Several commenters commend the author's approach of using compiler optimizations (specifically
-O3
) to uncover the vulnerability. They note the ingenuity of leveraging a tool not typically associated with security research for this purpose. Some discuss how compiler optimizations, while designed to improve performance, can sometimes expose latent bugs by rearranging code in ways that reveal unexpected behavior.A few comments delve into the specific details of the vulnerability, discussing the memory management issues that ultimately lead to the exploit. They analyze how the
-O3
optimization changed the code's execution flow in a way that made the bug manifest.The use of KASAN (Kernel Address Sanitizer) is also highlighted in the comments, with users praising its efficacy in pinpointing the source of the problem. The discussion touches on the importance of robust sanitizers in modern software development, especially for complex systems like the Linux kernel.
Some commenters express concern about the implications of this discovery, pointing out the potential severity of a remote zero-day in such a widely used component. They discuss the potential impact on various systems and the importance of prompt patching.

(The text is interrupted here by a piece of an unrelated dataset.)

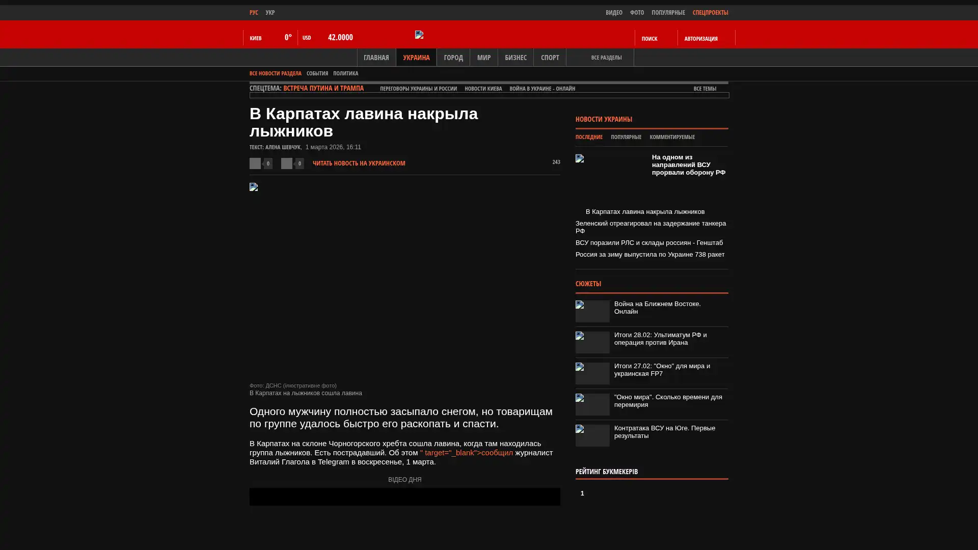 In den Karpaten kam es auf dem Hang des Tschornogora-Gebirges zu einer Lawine, als sich dort eine Gruppe von Skifahrern befand. Es gibt einen Verletzten. Dies berichtete der Journalist Witalij Glagola am Sonntag, dem 1. März, auf Telegram.

There's also a discussion around the responsible disclosure process, with commenters expressing appreciation for the author's approach and the timely patching of the vulnerability. The comments highlight the importance of coordinated disclosure to minimize potential harm while ensuring that users have access to necessary updates.
A recurring theme in the comments is the relative simplicity of the vulnerability once it was uncovered. This leads to some speculation about why it wasn't discovered earlier, with suggestions ranging from the complexity of the codebase to the limitations of traditional testing methods.
Finally, some commenters share their own experiences with similar vulnerabilities and discuss the challenges of finding and fixing bugs in complex systems. They offer insights into various debugging techniques and tools, contributing to a broader conversation about software security and best practices.